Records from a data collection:
####

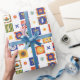 Estilo Geométrico Azul Laranja Verde no Papel de Embalagem de Natal
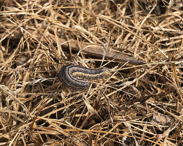 These caterpillars are commonly found on grasses in the spring and may require treatment in wheat. Thus, infestations may be more likely behind fields with grass cover crops, such as cereal rye. The caterpillars are a light brown or tannish color and have characteristic black bands around their legs. Like other spring pests, the threat of damage is from stand loss by caterpillars clipping seedling stems.
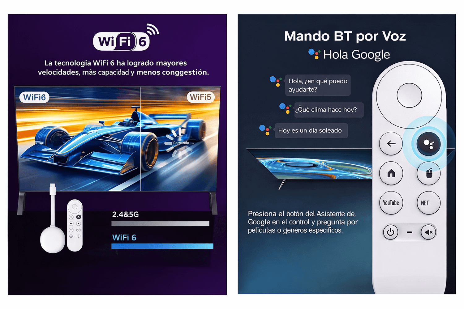 ▪️Control por voz: Usa el Asistente de Google para controlar tu TV y buscar contenido con comandos de voz.
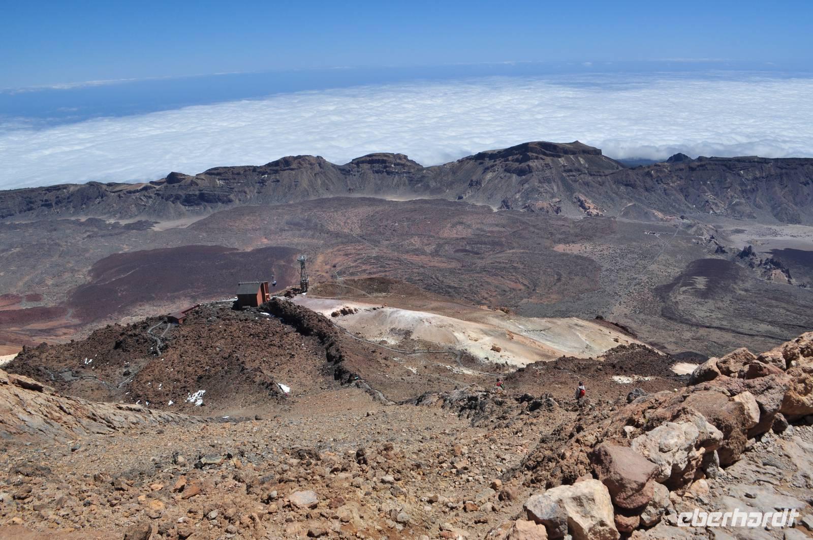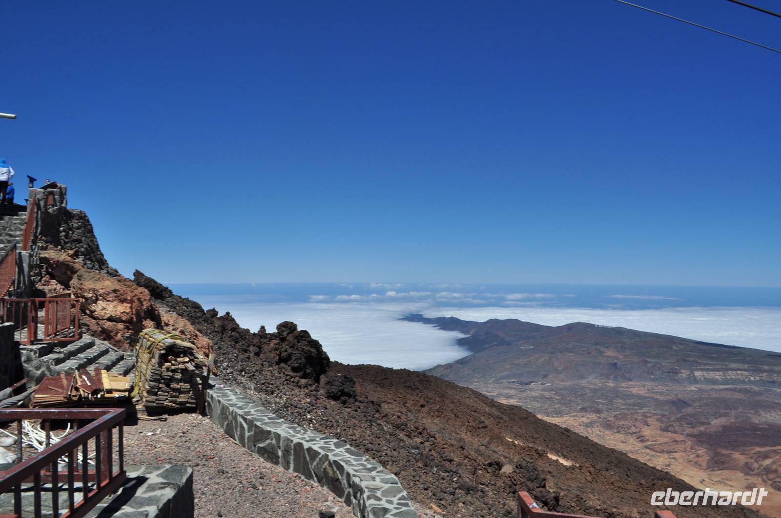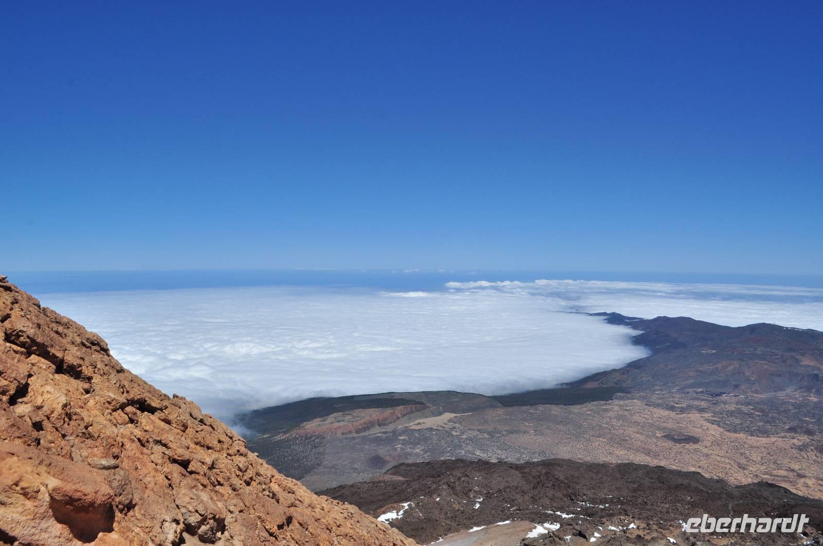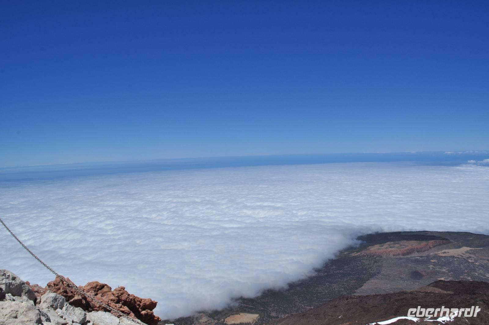 Es folgte das glückliche Gipfelfoto in 3.718 m Höhe. Über uns strahlendblauer Himmel. Das dichte Wolkenmeer des Passats lag gut 2.000 m tiefer, ein atemberaubender Blick über den Archipel der Kanaren und sicher ein unvergesslicher Augenblick für jeden von uns.
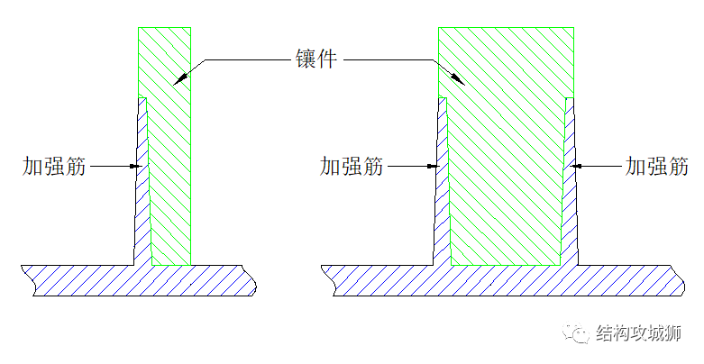 注意:当加强筋的高度H比较高,面积又比较大时,在保证强度情况下,应设法降低加强筋的面积,可采用以下方式:
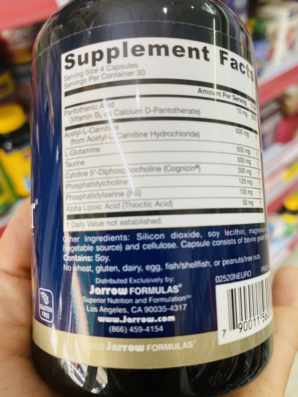 ✔ Viên uống bổ não Jarrow Neuro Optimizer tăng năng lượng cho não bộ, tăng quá trình trao đổi chất
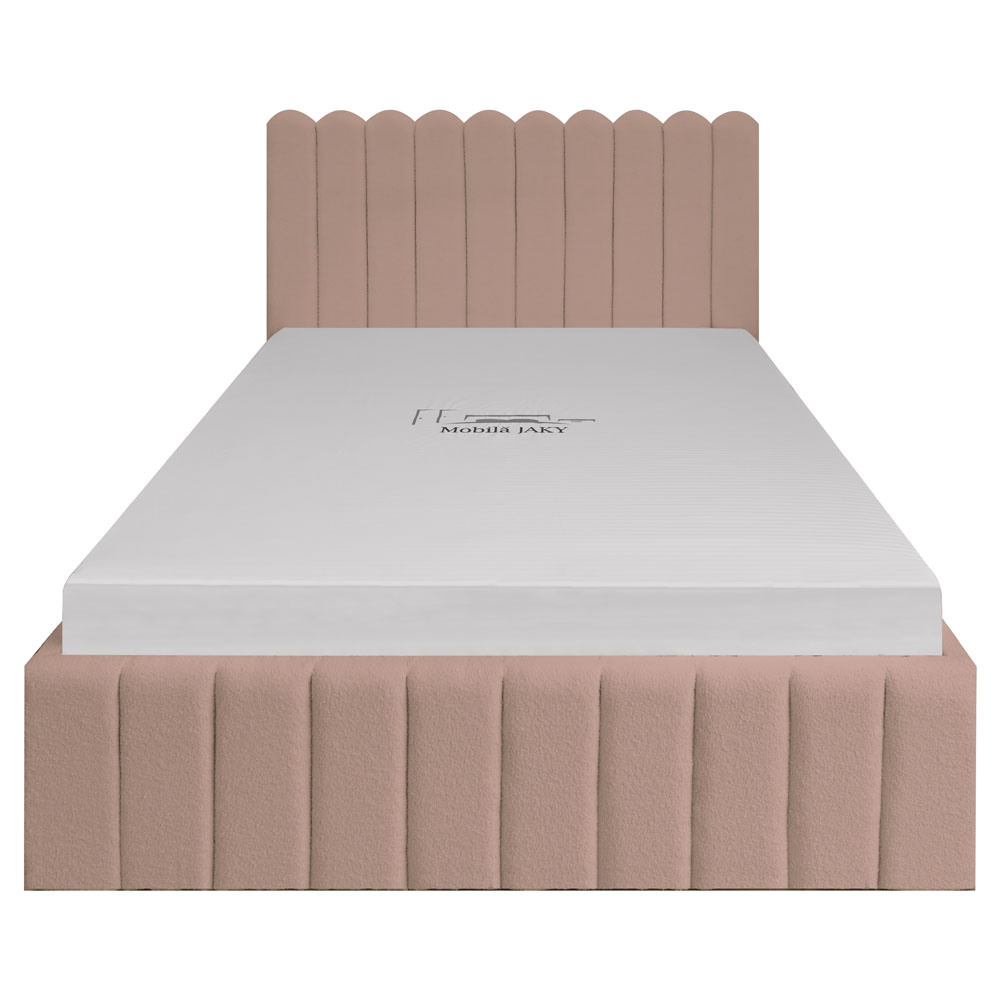 - Tapiterie din Stofa Boucle: Aceasta tapiterie se remarca prin textura sa unica si placuta la atingere, care nu doar ca ofera confort, dar si o estetica contemporana si primitoare. Stofa boucle adauga un farmec distinct, transformand patul intr-un element de decor atragator. Nuantele elegante ale stofei variaza in functie de iluminare

####

Copy the lines above exactly and exclude every image.

 Estilo Geométrico Azul Laranja Verde no Papel de Embalagem de Natal
 These caterpillars are commonly found on grasses in the spring and may require treatment in wheat. Thus, infestations may be more likely behind fields with grass cover crops, such as cereal rye. The caterpillars are a light brown or tannish color and have characteristic black bands around their legs. Like other spring pests, the threat of damage is from stand loss by caterpillars clipping seedling stems.
 ▪️Control por voz: Usa el Asistente de Google para controlar tu TV y buscar contenido con comandos de voz.
 Es folgte das glückliche Gipfelfoto in 3.718 m Höhe. Über uns strahlendblauer Himmel. Das dichte Wolkenmeer des Passats lag gut 2.000 m tiefer, ein atemberaubender Blick über den Archipel der Kanaren und sicher ein unvergesslicher Augenblick für jeden von uns.
 注意:当加强筋的高度H比较高,面积又比较大时,在保证强度情况下,应设法降低加强筋的面积,可采用以下方式:
 ✔ Viên uống bổ não Jarrow Neuro Optimizer tăng năng lượng cho não bộ, tăng quá trình trao đổi chất
 - Tapiterie din Stofa Boucle: Aceasta tapiterie se remarca prin textura sa unica si placuta la atingere, care nu doar ca ofera confort, dar si o estetica contemporana si primitoare. Stofa boucle adauga un farmec distinct, transformand patul intr-un element de decor atragator. Nuantele elegante ale stofei variaza in functie de iluminare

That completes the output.